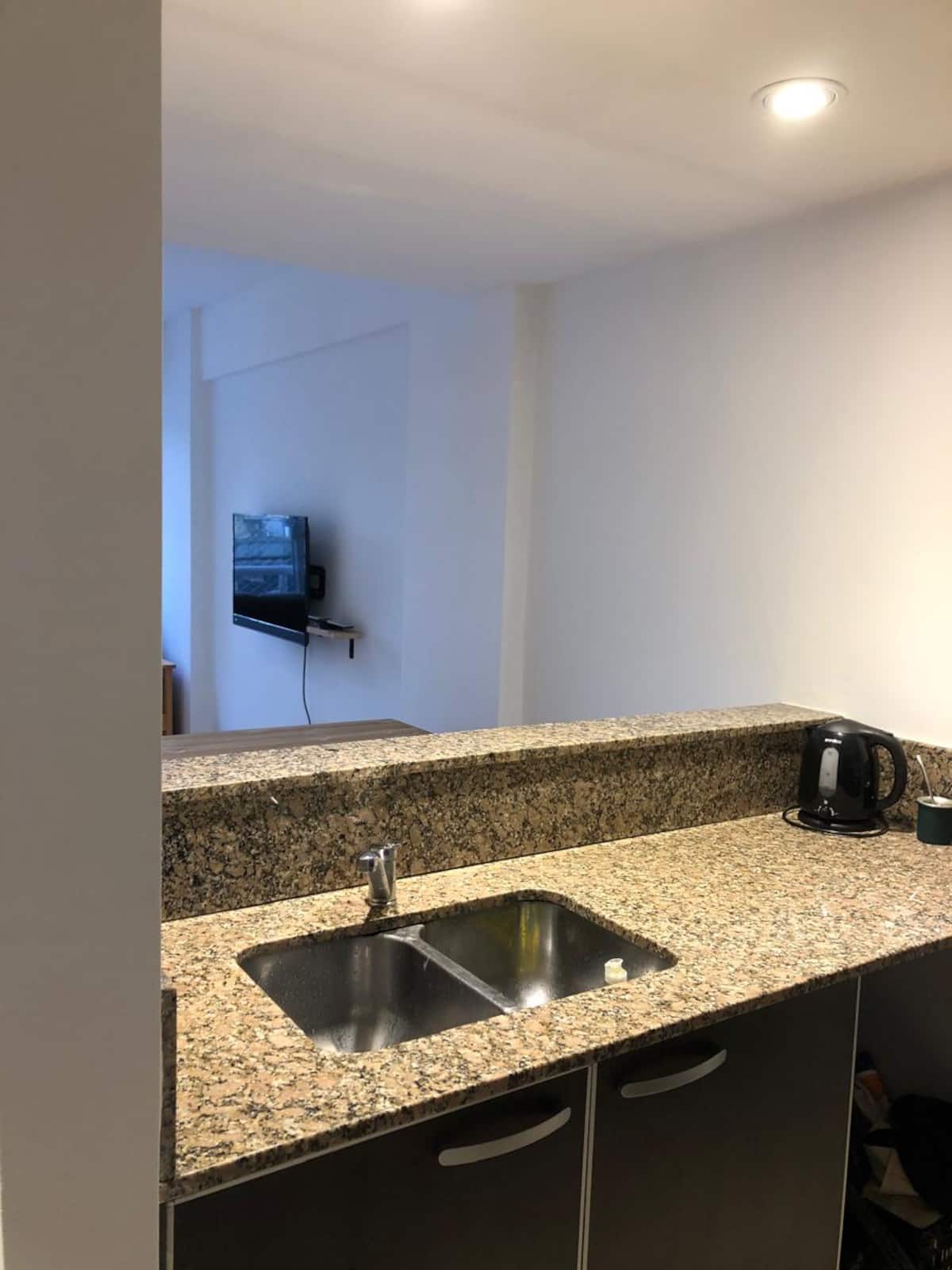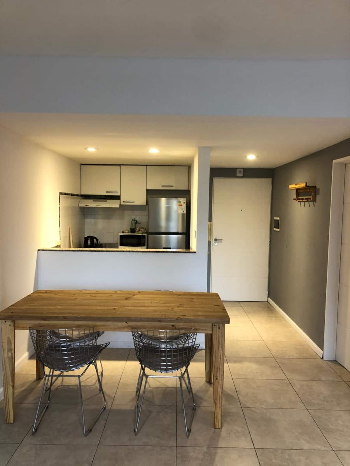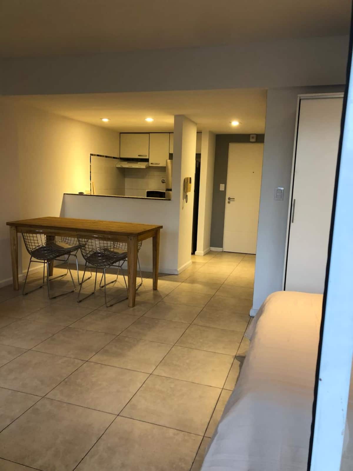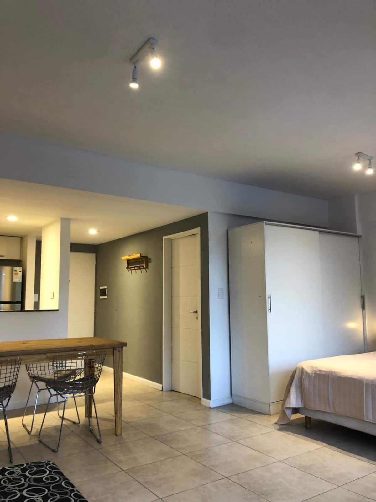 Apartamento tipo kitnet em Chacarita. O imóvel fica a 600 metros da Estação Ferroviária Federico Lacroze e a 2,1 km da Movistar Arena. Tem cama de casal e sofá-cama com carrinho e duas camas (colchões), além de ar-condicionado frio/quente. A cozinha inclui geladeira, forno e micro-ondas, além de chaleira elétrica e máquina de lavar.
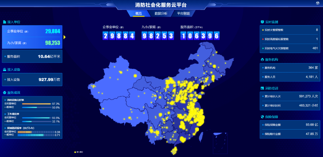天澤智聯(lián)通過創(chuàng)新消防科技與保險服務機制,為業(yè)主單位提供消防風險保險兜底,保障消防設施損壞和火災事故損失;消防社會化服務云平臺展示相關數(shù)據(jù),支持消防設備快速理賠,助力建筑消防設施完好性。
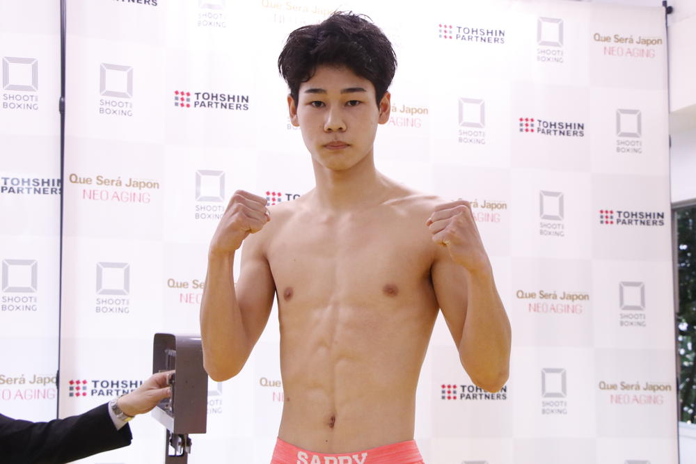 2022年4月10日(日)東京・後楽園ホール『SHOOT BOXING 2022 act.2』の前日計量&記者会見が、9日(土)都内にて17:00より行われた。  セミファイナルの第7試合で、SB日本フェザー級王座決定戦3分5R延長無制限Rを争う同級1位・魁斗(立志會館)は57.4kg、川上叶(龍生塾)は57.5kgで計量をパス。  続いてタイトルマッチ調印式と会見が行われ、バンタム級に続いての
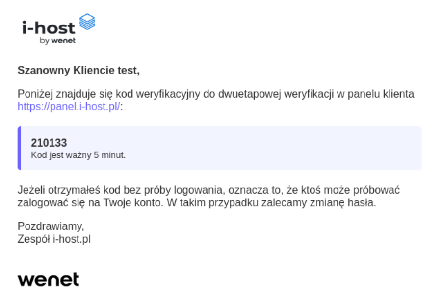Aby zwiększyć bezpieczeństwo swojego konta w panelu klienta www.panel.i-host.pl, możesz włączyć uwierzytelnianie dwuetapowe (2FA) z wykorzystaniem adresu e-mail.
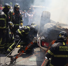 ▲ La recreación ayer de un sismo de magnitud 8.1 contó con la participación de 30 millones de personas en las 32 entidades del país, reportaron autoridades; además, se lanzó la nueva Alerta Presidencial a través de celulares. En la imagen, bomberos simulan un rescate en la Ciudad Judicial de CDMX. Foto Alfredo Domínguez / Daniel González
++++
• [BRIEF]:
Take the line with "天澤智聯(lián)通過創(chuàng" and each line after it through the end of the material above, and reproduce them exactly, both ends included, without pictures.

• [RESPONSE FOR THIS EXERCISE]:
天澤智聯(lián)通過創(chuàng)新消防科技與保險服務機制,為業(yè)主單位提供消防風險保險兜底,保障消防設施損壞和火災事故損失;消防社會化服務云平臺展示相關數(shù)據(jù),支持消防設備快速理賠,助力建筑消防設施完好性。
 2022年4月10日(日)東京・後楽園ホール『SHOOT BOXING 2022 act.2』の前日計量&記者会見が、9日(土)都内にて17:00より行われた。  セミファイナルの第7試合で、SB日本フェザー級王座決定戦3分5R延長無制限Rを争う同級1位・魁斗(立志會館)は57.4kg、川上叶(龍生塾)は57.5kgで計量をパス。  続いてタイトルマッチ調印式と会見が行われ、バンタム級に続いての
Aby zwiększyć bezpieczeństwo swojego konta w panelu klienta www.panel.i-host.pl, możesz włączyć uwierzytelnianie dwuetapowe (2FA) z wykorzystaniem adresu e-mail.
 ▲ La recreación ayer de un sismo de magnitud 8.1 contó con la participación de 30 millones de personas en las 32 entidades del país, reportaron autoridades; además, se lanzó la nueva Alerta Presidencial a través de celulares. En la imagen, bomberos simulan un rescate en la Ciudad Judicial de CDMX. Foto Alfredo Domínguez / Daniel González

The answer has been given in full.